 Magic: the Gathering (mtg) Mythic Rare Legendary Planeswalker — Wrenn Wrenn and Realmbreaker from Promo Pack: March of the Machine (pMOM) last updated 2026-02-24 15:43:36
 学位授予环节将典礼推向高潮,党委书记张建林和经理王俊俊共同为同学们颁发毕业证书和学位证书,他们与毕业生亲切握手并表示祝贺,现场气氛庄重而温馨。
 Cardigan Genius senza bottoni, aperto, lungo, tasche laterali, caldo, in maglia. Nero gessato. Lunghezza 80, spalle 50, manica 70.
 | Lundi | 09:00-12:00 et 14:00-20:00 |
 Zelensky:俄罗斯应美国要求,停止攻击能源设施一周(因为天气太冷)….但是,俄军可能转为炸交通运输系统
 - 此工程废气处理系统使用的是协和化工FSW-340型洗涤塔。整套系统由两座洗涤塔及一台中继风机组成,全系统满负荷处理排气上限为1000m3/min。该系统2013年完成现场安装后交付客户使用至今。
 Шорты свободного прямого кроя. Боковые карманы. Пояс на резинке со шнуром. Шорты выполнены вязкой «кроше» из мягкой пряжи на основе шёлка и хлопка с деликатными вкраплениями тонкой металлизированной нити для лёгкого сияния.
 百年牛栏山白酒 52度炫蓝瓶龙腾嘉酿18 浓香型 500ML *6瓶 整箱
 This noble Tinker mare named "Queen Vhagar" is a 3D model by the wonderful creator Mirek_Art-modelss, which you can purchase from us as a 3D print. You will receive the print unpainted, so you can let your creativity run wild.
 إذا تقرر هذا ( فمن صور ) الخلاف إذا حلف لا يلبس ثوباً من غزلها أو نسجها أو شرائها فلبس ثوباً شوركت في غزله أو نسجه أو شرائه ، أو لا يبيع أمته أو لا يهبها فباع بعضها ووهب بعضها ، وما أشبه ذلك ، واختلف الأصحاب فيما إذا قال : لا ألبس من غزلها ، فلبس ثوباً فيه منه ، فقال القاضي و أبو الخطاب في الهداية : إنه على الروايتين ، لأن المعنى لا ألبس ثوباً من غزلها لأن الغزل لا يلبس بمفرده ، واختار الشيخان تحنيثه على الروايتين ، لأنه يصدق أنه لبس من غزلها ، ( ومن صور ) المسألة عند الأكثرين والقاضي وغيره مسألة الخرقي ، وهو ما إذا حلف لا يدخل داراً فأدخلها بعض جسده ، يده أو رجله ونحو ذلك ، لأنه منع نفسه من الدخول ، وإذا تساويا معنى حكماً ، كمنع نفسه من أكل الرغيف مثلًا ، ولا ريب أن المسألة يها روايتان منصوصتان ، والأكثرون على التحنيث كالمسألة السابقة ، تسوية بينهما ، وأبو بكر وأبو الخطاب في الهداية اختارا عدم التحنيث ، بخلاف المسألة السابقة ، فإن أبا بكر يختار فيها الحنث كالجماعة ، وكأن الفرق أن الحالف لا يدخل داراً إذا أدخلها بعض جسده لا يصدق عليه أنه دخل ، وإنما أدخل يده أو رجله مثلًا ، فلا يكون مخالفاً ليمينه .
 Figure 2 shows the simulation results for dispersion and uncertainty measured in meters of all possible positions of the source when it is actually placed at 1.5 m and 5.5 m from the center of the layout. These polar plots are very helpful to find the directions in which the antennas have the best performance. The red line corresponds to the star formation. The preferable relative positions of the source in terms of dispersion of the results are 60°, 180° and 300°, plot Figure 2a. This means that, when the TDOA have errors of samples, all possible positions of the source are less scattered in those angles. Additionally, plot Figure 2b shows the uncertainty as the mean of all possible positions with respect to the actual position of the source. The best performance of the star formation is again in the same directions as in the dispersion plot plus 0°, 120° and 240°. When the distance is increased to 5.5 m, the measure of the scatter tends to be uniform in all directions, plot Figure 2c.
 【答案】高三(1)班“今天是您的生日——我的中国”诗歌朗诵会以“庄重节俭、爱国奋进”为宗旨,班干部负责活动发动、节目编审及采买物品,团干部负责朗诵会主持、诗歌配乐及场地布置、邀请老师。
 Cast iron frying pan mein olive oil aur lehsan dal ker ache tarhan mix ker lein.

· · · · ·

To do | Search the records for the word "which" and copy out every line that holds it.

Reply |
 This noble Tinker mare named "Queen Vhagar" is a 3D model by the wonderful creator Mirek_Art-modelss, which you can purchase from us as a 3D print. You will receive the print unpainted, so you can let your creativity run wild.
 Figure 2 shows the simulation results for dispersion and uncertainty measured in meters of all possible positions of the source when it is actually placed at 1.5 m and 5.5 m from the center of the layout. These polar plots are very helpful to find the directions in which the antennas have the best performance. The red line corresponds to the star formation. The preferable relative positions of the source in terms of dispersion of the results are 60°, 180° and 300°, plot Figure 2a. This means that, when the TDOA have errors of samples, all possible positions of the source are less scattered in those angles. Additionally, plot Figure 2b shows the uncertainty as the mean of all possible positions with respect to the actual position of the source. The best performance of the star formation is again in the same directions as in the dispersion plot plus 0°, 120° and 240°. When the distance is increased to 5.5 m, the measure of the scatter tends to be uniform in all directions, plot Figure 2c.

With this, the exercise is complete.